__EXERCISE DETAILS__:
No pictures are to be included when the entries below are reproduced exactly.

__DATA FOR THIS TASK__:

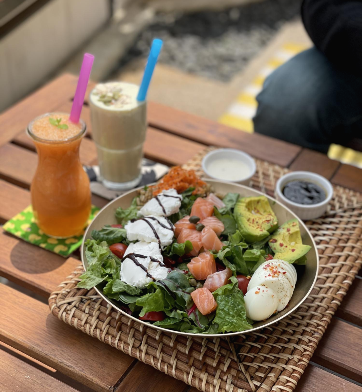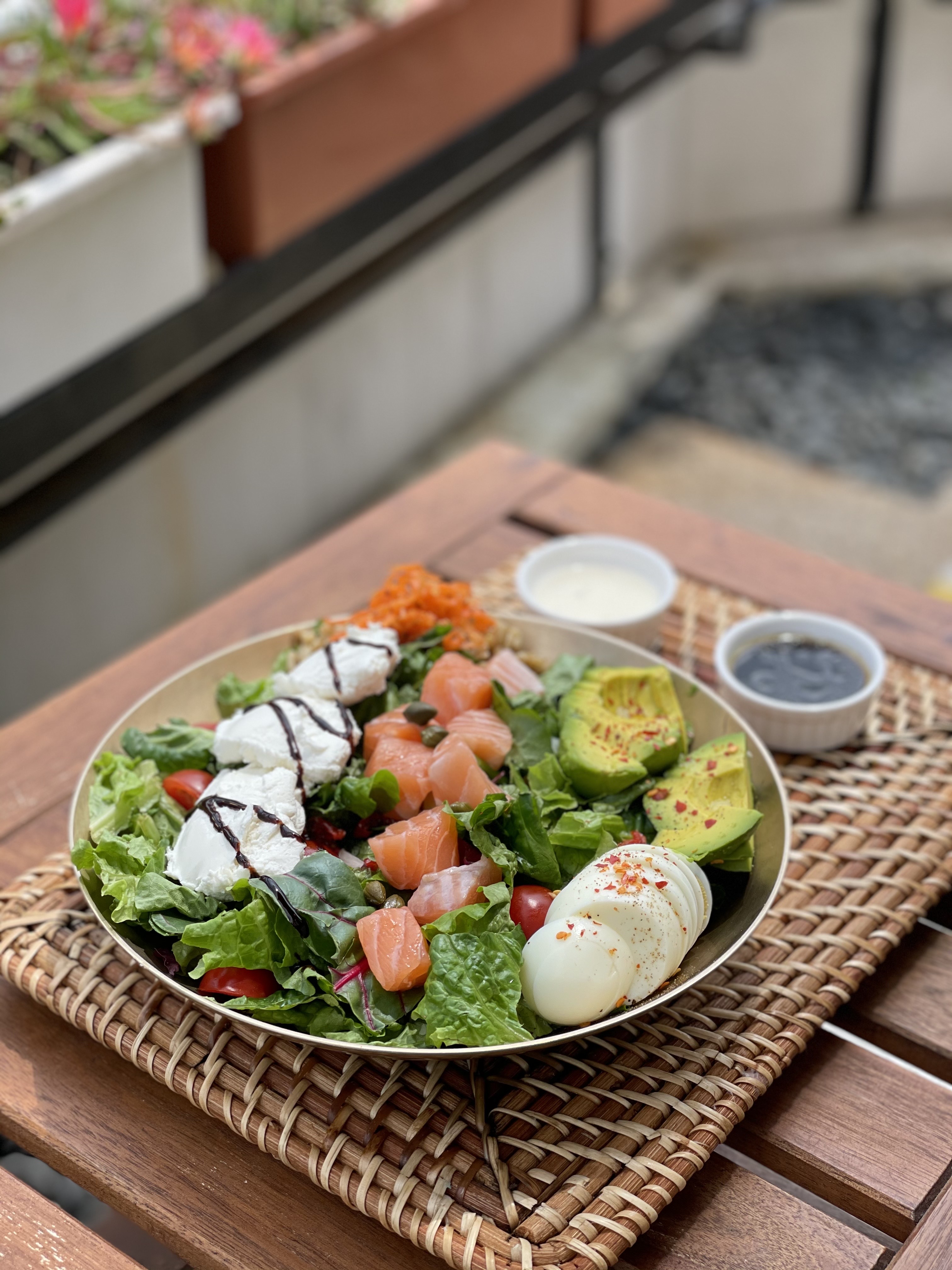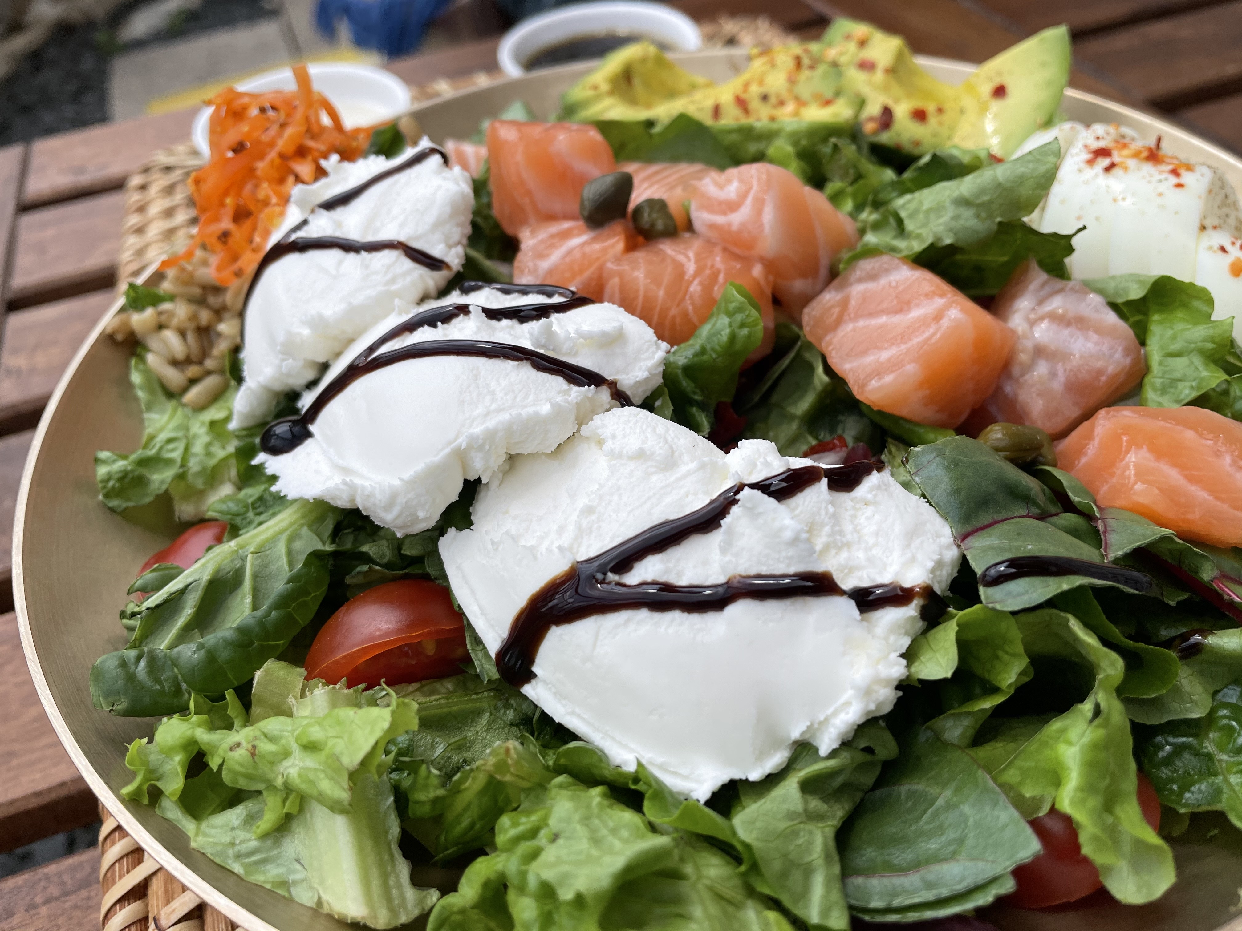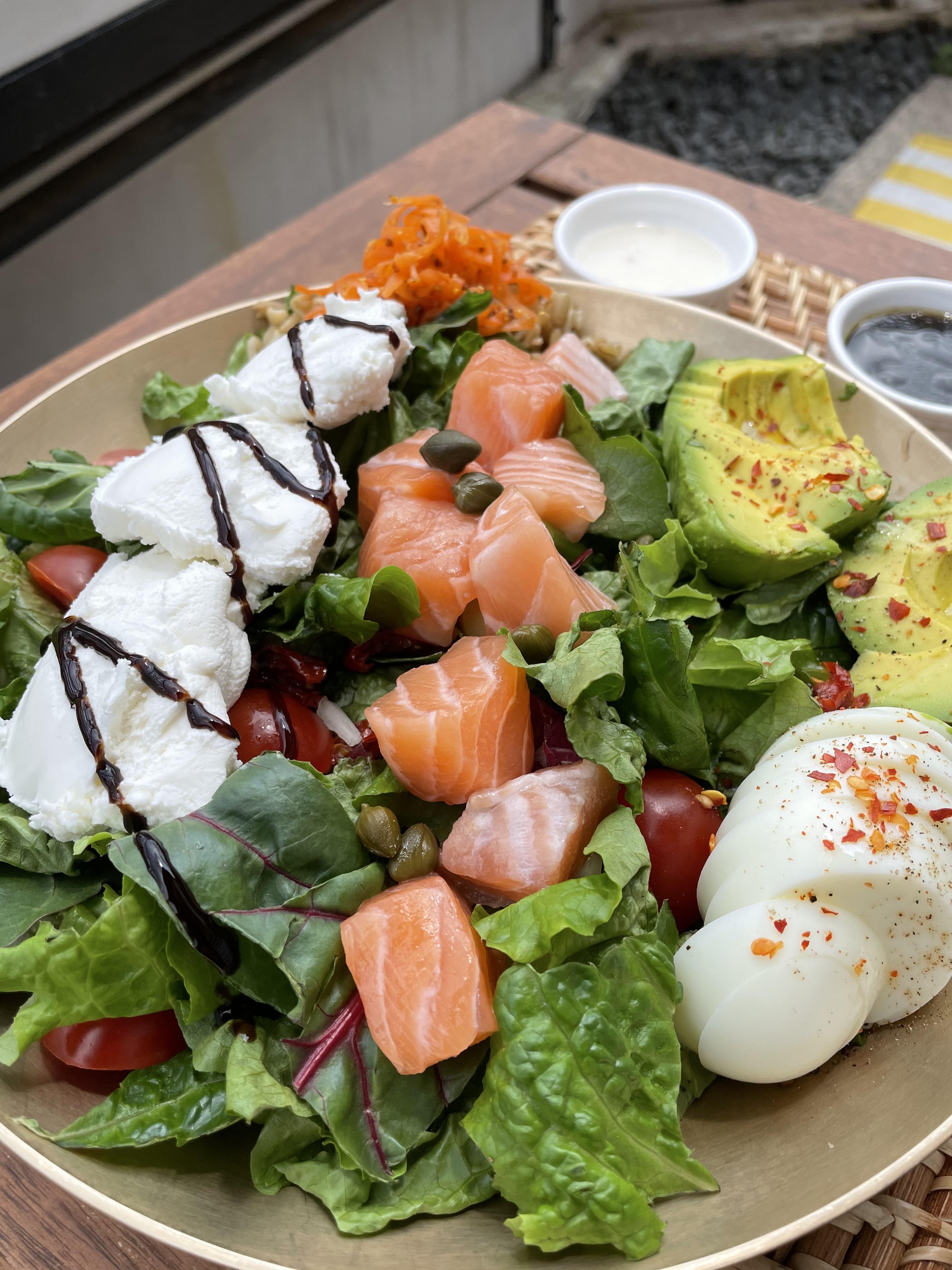 우리는 팜투샐러드에 연어와 리코타치즈, 아보카도를 추가했어요.
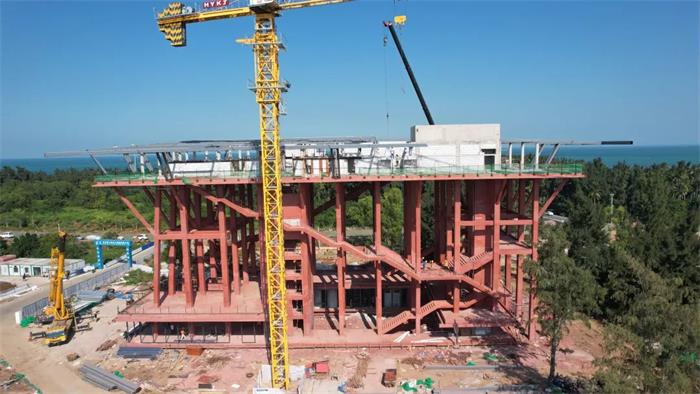 11月30日,海南環島旅游公路火山海岸驛站一期項目進入收尾沖刺階段,施工人員正在進行鋼架結構屋面面板安裝和室外工程施工作業,現場一片繁忙景象。
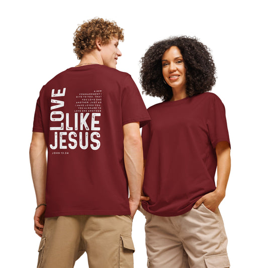 Christian Adult Unisex organic ribbed neck t-shirt, love like Jesus
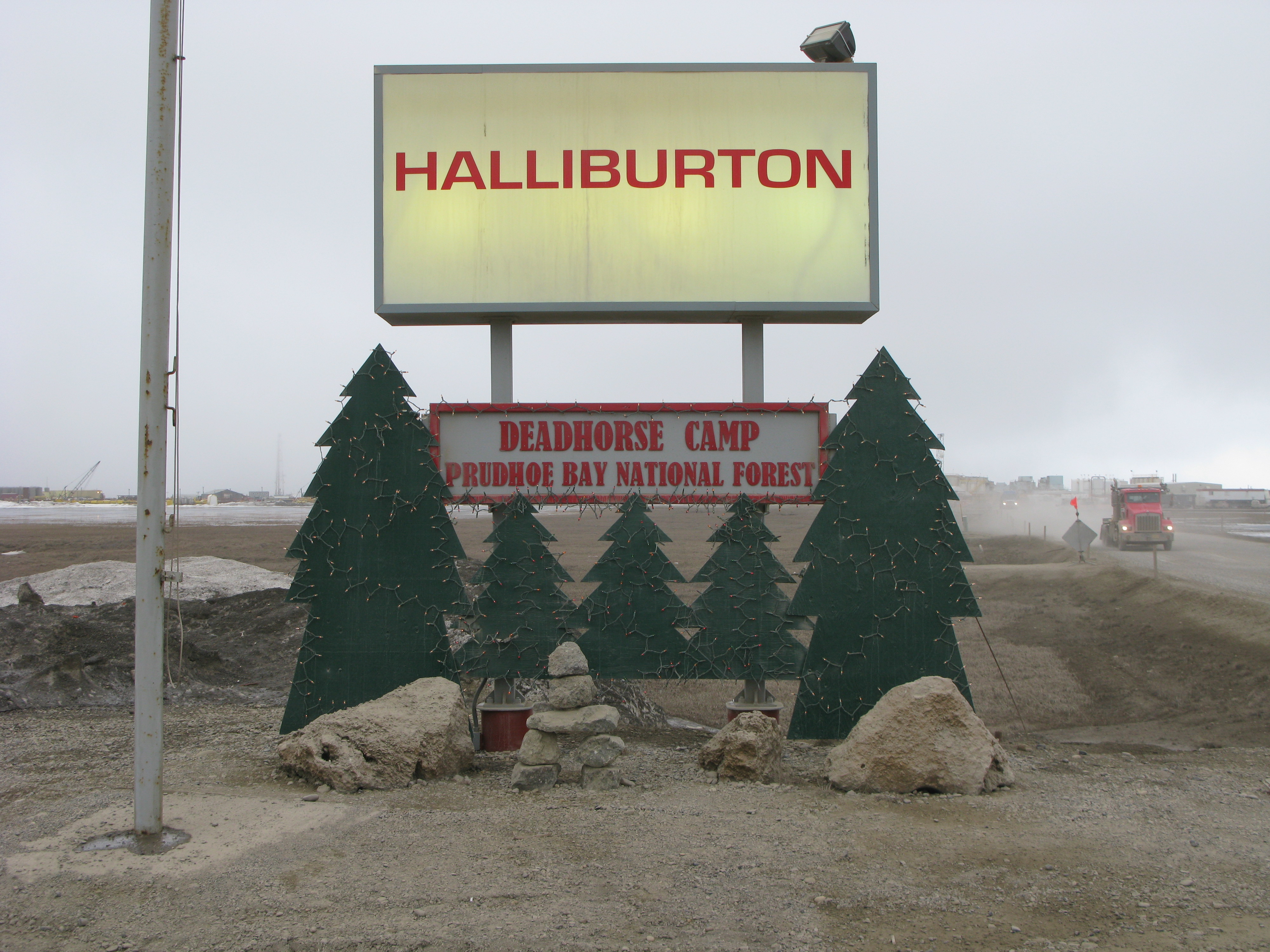 Melissa Barker: "A little humor from one of the oilfield service companies, creating a sign for the Prudhoe Bay National Forest". Deadhorse, Alaska.
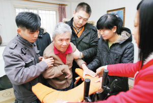 天津市南開區華苑街有一支“大學生助老志願服務隊”,該服務隊以天津青年職業學院等高校的大學生志願者爲主體,以街道、社區老年服務活動中心爲基地,爲生活自理能力差的老人從日常生活等方面開展助老扶困活動。本報記者姚文生攝
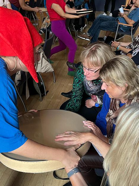 In ihrem Impulsvortrag Hören - Spüren - Spielen: Musizieren mit schwerhörigen und gehörlosen Kindern gab Shirley Salmon Einblick in die Perspektive gehörloser Pädagog_innen und Musiker_innen als Expert_innen und nahm Bezug auf Pionier_innen musikpädagogischer Arbeit mit hörbeeinträchtigen und gehörlosen Kindern sowie auf Forschungsbeiträge zum Thema. Ihre eigenen methodischen Überlegungen und musikalischen Zielsetzungen veranschaulichte Salmon in der praktischen Erarbeitung einer Liedgestaltung unter Einbeziehung der Tagungsteilnehmer_innen.
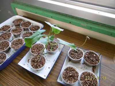 写真のように、種子は「水」「空気」「適温」の三条件さえあれば発芽することができます。日光も肥料も必要ないのです。(写真の土のようなものは、養分の全く入っていないバーミキュライト)
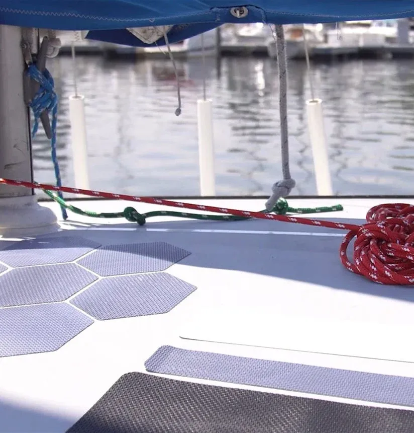 Er zijn drie kleuren Grip Tape, zwart, grijs en transparant wit. Heb je een logo op je boot zitten, en wil je die zichtbaar houden? Dan is de transparant witte versie een goede optie. Deze versie is ook geschikt voor op een luik. Zo komt het licht nog steeds binnen, maar kun je er ook veilig op lopen.
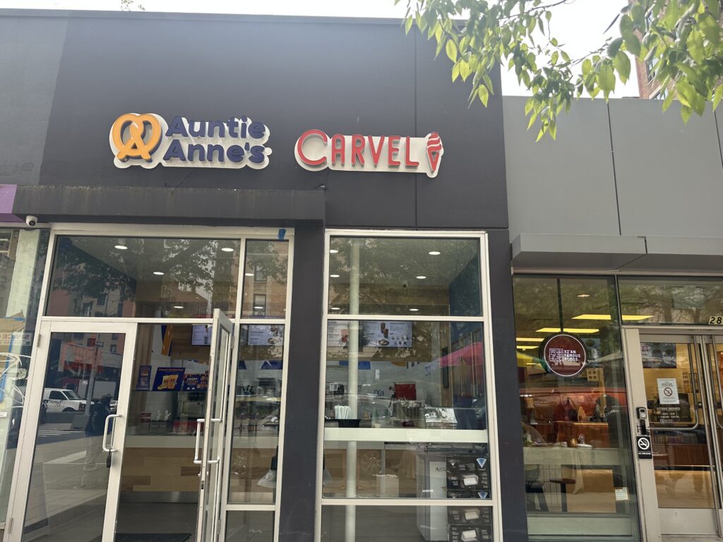 Auntie Anne’s, the pretzel company, and Carvel, the ice cream company, opened on April 26th at 2818 Broadway (at West 109th Street), an employee told West Side Rag. This is the second Upper West Side location for the Auntie Anne’s/Carvel combo. The first location opened in 2024 at 2588 Broadway (between West 96th and West 97th streets).

__RESULT__:
 우리는 팜투샐러드에 연어와 리코타치즈, 아보카도를 추가했어요.
 11月30日,海南環島旅游公路火山海岸驛站一期項目進入收尾沖刺階段,施工人員正在進行鋼架結構屋面面板安裝和室外工程施工作業,現場一片繁忙景象。
 Christian Adult Unisex organic ribbed neck t-shirt, love like Jesus
 Melissa Barker: "A little humor from one of the oilfield service companies, creating a sign for the Prudhoe Bay National Forest". Deadhorse, Alaska.
 天津市南開區華苑街有一支“大學生助老志願服務隊”,該服務隊以天津青年職業學院等高校的大學生志願者爲主體,以街道、社區老年服務活動中心爲基地,爲生活自理能力差的老人從日常生活等方面開展助老扶困活動。本報記者姚文生攝
 In ihrem Impulsvortrag Hören - Spüren - Spielen: Musizieren mit schwerhörigen und gehörlosen Kindern gab Shirley Salmon Einblick in die Perspektive gehörloser Pädagog_innen und Musiker_innen als Expert_innen und nahm Bezug auf Pionier_innen musikpädagogischer Arbeit mit hörbeeinträchtigen und gehörlosen Kindern sowie auf Forschungsbeiträge zum Thema. Ihre eigenen methodischen Überlegungen und musikalischen Zielsetzungen veranschaulichte Salmon in der praktischen Erarbeitung einer Liedgestaltung unter Einbeziehung der Tagungsteilnehmer_innen.
 写真のように、種子は「水」「空気」「適温」の三条件さえあれば発芽することができます。日光も肥料も必要ないのです。(写真の土のようなものは、養分の全く入っていないバーミキュライト)
 Er zijn drie kleuren Grip Tape, zwart, grijs en transparant wit. Heb je een logo op je boot zitten, en wil je die zichtbaar houden? Dan is de transparant witte versie een goede optie. Deze versie is ook geschikt voor op een luik. Zo komt het licht nog steeds binnen, maar kun je er ook veilig op lopen.
 Auntie Anne’s, the pretzel company, and Carvel, the ice cream company, opened on April 26th at 2818 Broadway (at West 109th Street), an employee told West Side Rag. This is the second Upper West Side location for the Auntie Anne’s/Carvel combo. The first location opened in 2024 at 2588 Broadway (between West 96th and West 97th streets).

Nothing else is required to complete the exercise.